Inpatient Alcohol Treatment

Impatient Alcohol Treatment

Inpatient alcohol treatment is a viable option for those suffering with alcoholism who have been unsuccessful with outpatient treatments. When alcohol starts to have a devastating impact on families, professional lives and relationships – it may be time to consider inpatient alcohol treatment.

If you struggle with alcohol, here are a few signs you may want to consider inpatient alcohol treatment.

  • Performance at work or school is becoming difficult or suffering as a result of your drinking
  • You are drinking at unconventional times, such as in the morning
  • You find yourself drinking alone
  • You find ways to avoid your friends and family in favor of drinking
  • Your drinking leads to high-risk behaviors

Inpatient alcohol treatment is often the best option for people whose alcohol use has serious potential to place themselves or others in danger. If you find yourself driving under the influence, drinking at work, drinking around family members or acting out through dangerous or destructive behavior, inpatient alcohol treatment should be seriously considered.

Inpatient alcohol treatment centers offer the opportunity to address and treat alcoholism in a safe environment that will keep you and your loved ones out of danger during this difficult and trying period.

What to Expect During Inpatient Alcohol Treatment

Physical and psychological evaluation: upon admittance to an inpatient alcohol treatment program, patients receive a screening for any physical or psychological conditions to determine the type and level of treatment needed.

Detoxification period: during this phase, patients are forced to address and learn to manage alcohol withdrawal symptoms, which are usually severe among patients with alcohol dependency. Inpatient alcohol treatment offers an advantage to the withdrawal phase because patients have no access to alcohol.

Another advantage is the support network offered to help patients overcome and manage painful and often debilitating withdrawal symptoms. Once these symptoms are under control, more in-depth inpatient substance abuse treatment can begin.

  • Treatment through medication when needed
  • Behavioral and psychotherapy
  • Enrollment in Alcoholics Anonymous

Life After Inpatient Substance Abuse Treatment

Staying clean following a period of inpatient alcohol treatment is a major challenge, one that many people don’t overcome right away. However, according to Alcoholics Anonymous, proper preparation can help ensure success.

There are a few things to keep in mind when leaving inpatient substance abuse treatment.

Recognition

The same problems and struggles will exist once a patient leaves an inpatient alcohol treatment program. This time, it’s going to take will power and determination to confront life’s many problems without turning to alcohol. In fact, reverting to alcohol will only compound problems, which is why patients end up in an inpatient alcohol treatment program in the first place.

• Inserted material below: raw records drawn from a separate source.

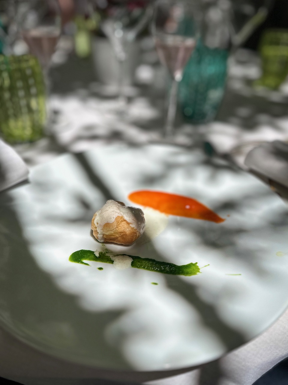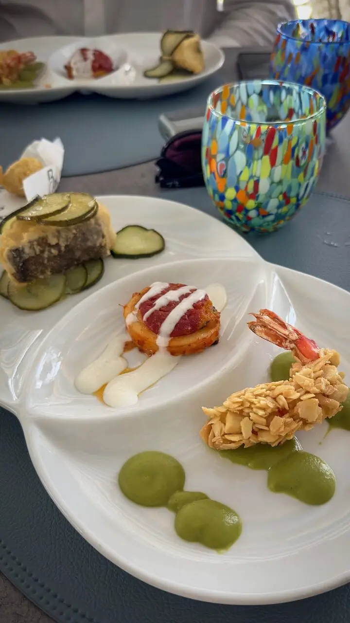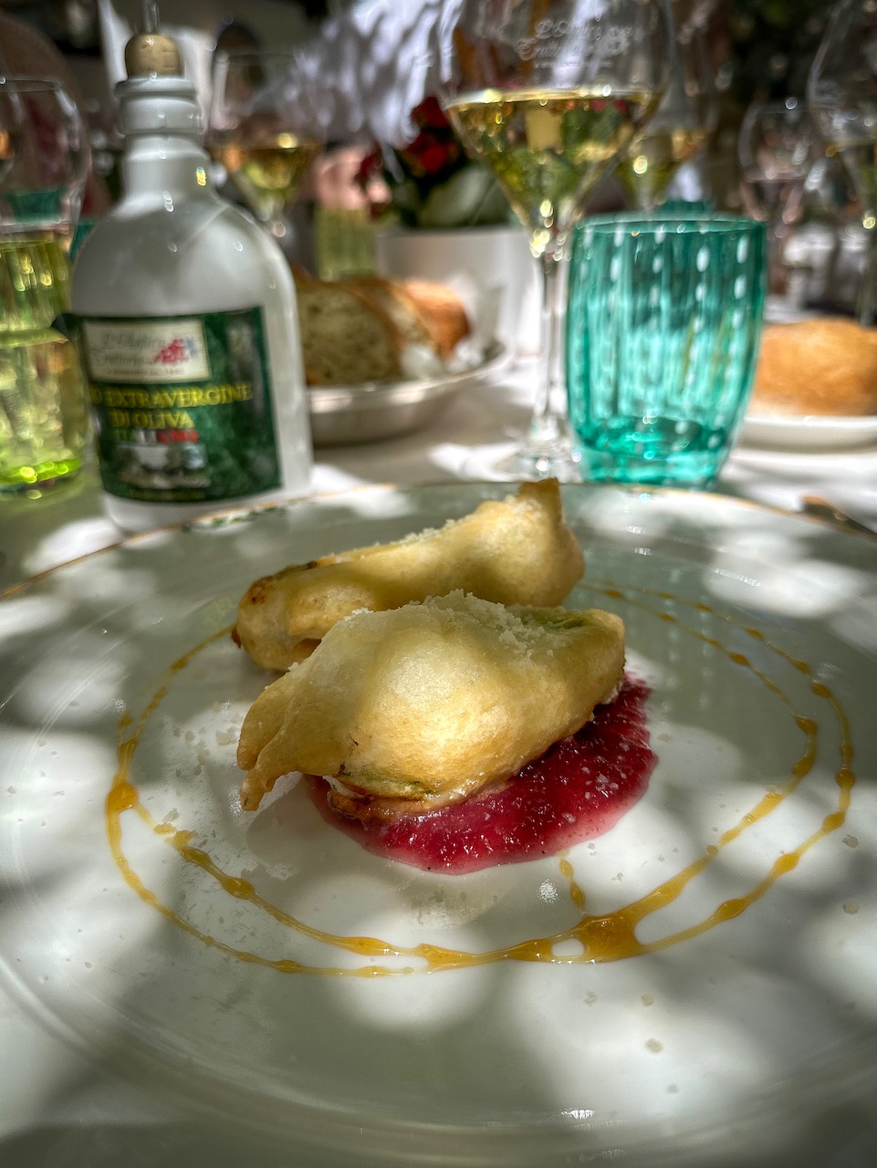Under a lush pergola draped with grapevines, where dappled sunlight dances across the table, we settle in for a lunch made for savoring. To start, crispy zucchini blossoms stuffed with creamy ricotta and delicate ham arrive on a mild zucchini sauce topped with smoked cheese. A tender-crispy play of textures that instantly delights.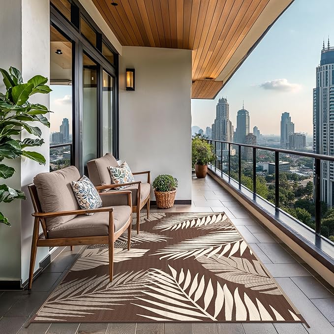- Palm Leaf Design & Double-Sided Pattern: GENIMO reversible fall outdoor rug is designed with a double-sided pattern, completing the unique layout of multiple palm leaves. The 2 shades of coffee and beige achieve the ultimate fusion. Either side can blend perfectly with nature and look very full and comfortable, making it a versatile piece for fall decor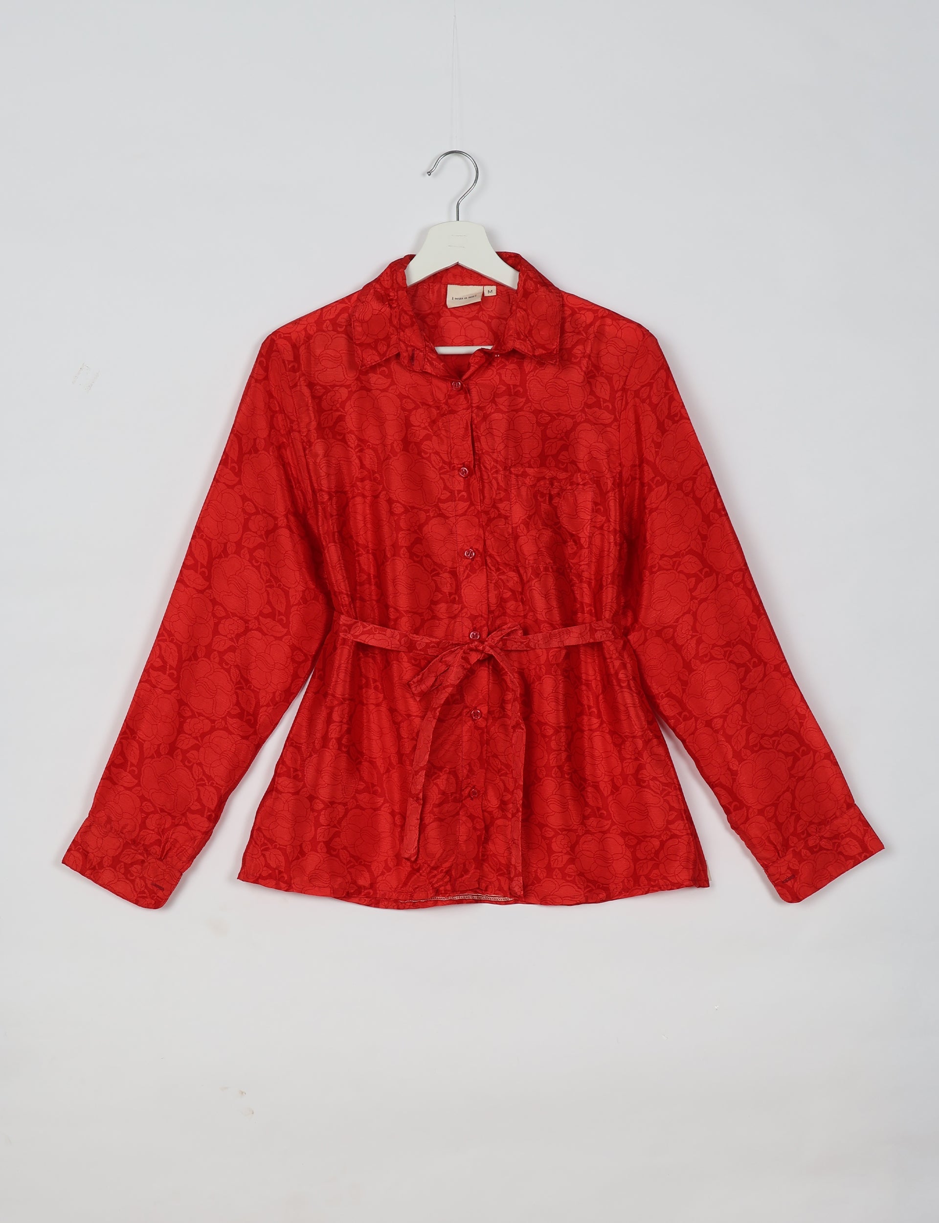 A slim-fit, long-sleeve shirt featuring a semi-spread collar and front button-down closure and a front pocket. It is constructed with standard shirt cuffs finished with button fastenings. The shirt includes a detachable self-fabric belt that can be styled at the waist or worn as a neck tie.

No One Faces Alcoholism Alone

If you struggle with alcohol abuse, you are one of more than 2,000,000 people working to overcome alcohol addiction. Seek out support networks such as A.A. in your area and stick with the meetings, no matter how hard life may become.

How to Find an Inpatient Alcohol Treatment Center

If your drinking has gotten to the point where you feel you need an inpatient treatment program, the first appointment you make should be with your doctor or therapist. A medical professional can help you find an effective inpatient substance abuse program in your area.

Have a list of potential treatment centers and contact them directly to determine which program will best suit your needs. Programs fill up quickly and it may take a few tries to find a center that can accept you right away. And remember, your treatment may be covered, so talk to your insurance provider to determine whether inpatient alcohol treatment is covered under your policy.

If you are having financial difficulties as a result of your alcoholism, there may be public programs available in your state. Contact your local health department or substance abuse center to find out what inpatient substance abuse programs might be available for you.